By this time, the nerve cord has developed from a sunken roll of ectoderm sunken located above the notochord.

Embryonic Induction

The phenomenon of embryonic induction is still one of the great mysteries of animal development, although very rapid advances are being made in this field as the various genes that control develop are discovered. For example, one recent discovery is the gene that controls asyymetric development between left and right sides of the body (for example, why the heart is normally on the left side of the body while the appendix is on the right side). Most classical scientific names are rather difficult and boring, but in trendy new areas of science like particle physics and genetic engineering things are a little different: the newly discovered gene controlling asymmetric development is called "Sonic Hedgehog".

Understanding induction eventually may enable scientists to manipulate muscle development in the meat animals but, so far, attempts to identify the biochemicals responsible for embryonic induction have failed because of the infinitesimally small volumes involved. At present, we should be cautious in assuming that transmissible substances are solely responsible, because the messages that cause induction may be transmitted or faciliated by other means of cellular communication. However, the messengers of embryonic induction are most likely to be ribonucleoproteins.

Biotechnology

Genes were first transferred experimentally into new locations by techniques such as chromosome assimilation and cell fusion. Genetic engineering of mammalian development by such techniques has only just started and, at the present time, it depends heavily on the use of relatively simple and extensively studied genes. Apart from important exceptions such as double- muscling in cattle, most of the commercially important traits of meat animals are regulated by large numbers of genes and are difficult to manipulate by genetic engineering.

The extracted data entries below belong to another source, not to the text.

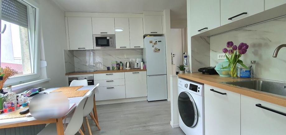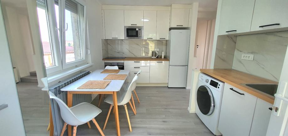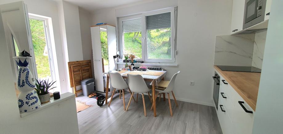 Četverosobni stan je trenutno djelomično renoviran, odnosno pretvoren je u dvije stambene jedinice sa zasebnim ulazima.
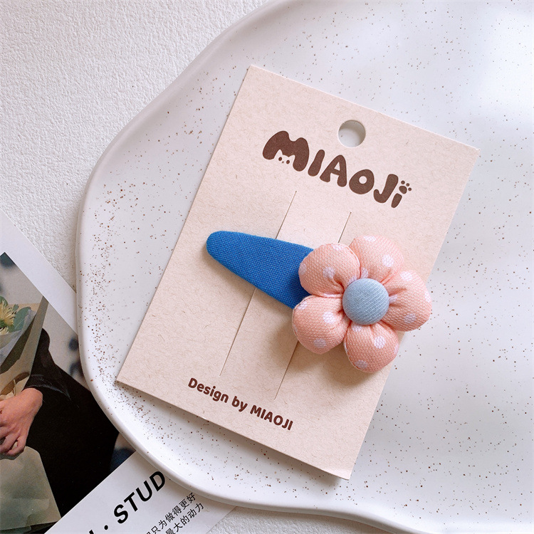 새로운 어린이 원단 폴카 도트 꽃 머리핀 귀여운 소녀 앞머리 측면 부러진 머리 BB 클립 아기 쌍 머리핀
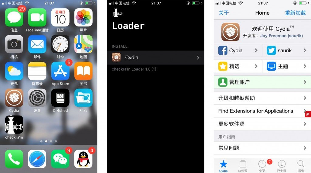 5、啟動后設備桌面出現(xiàn)checkra1n App 雙擊打開安裝Cydia
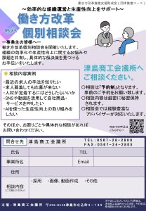 津島商工会議所では、無料で働き方改革の個別相談会を実施しております。 求人でお悩みの方やSNS等活用を検討の方はご相談ください! ★過去事例の紹介 ①急な採用が必要になったが、ハローワ―クだけではなく、ウェブでの求人募集 […]
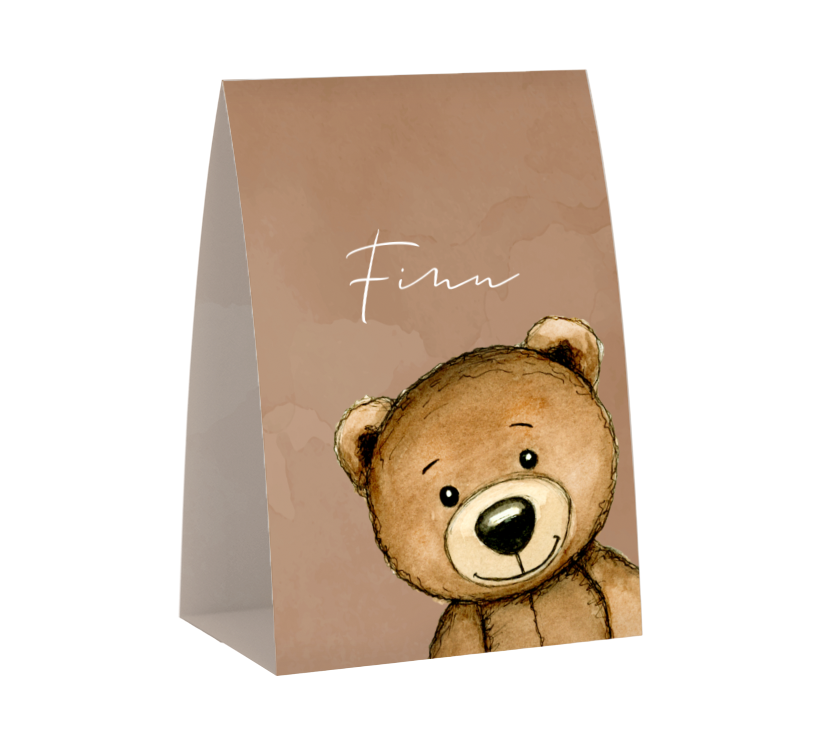 Hoe bijzonder is dit tentkaartje? Dit kaartje kan je gemakkelijk in elkaar zetten en heeft een schattige illustratie van de teddybeer, getekend door BINTJE. Dit kaartje is helemaal zelf aanpassen in de editor. Maak met andere kleuren, lettertypes of een ander diertje er je eigen geboortekaartje van.
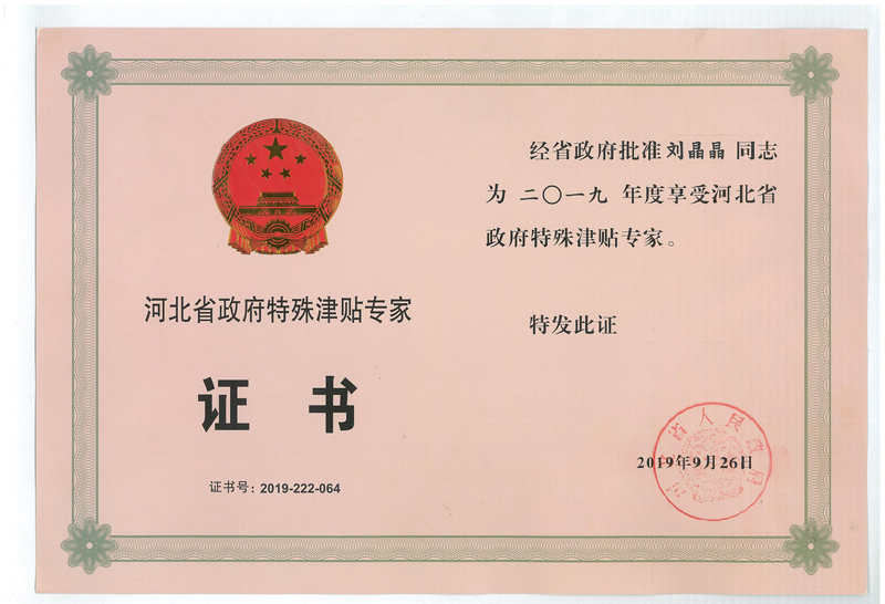 經(jīng)公司組織申報,石家莊市人民政府推薦,省人力資源和社會保障廳評審,省政府同意,公司劉晶晶同志榮獲省政府特殊津貼專家稱號。

Animal growth rates may be increased dramatically by introducing genes that lead to increased levels of growth hormone but whether or not genetic engineering at the molecular level will enable us to develop superior types of meat animals remains to be seen. The challenge is to make meat animals more efficient, not merely larger, and to enhance the quality of the meat. However, there is money to be made doing this so, probably, it will all happen and butchers one day will be cutting and selling meat cuts from designer animals (if we have not all been replaced by robots).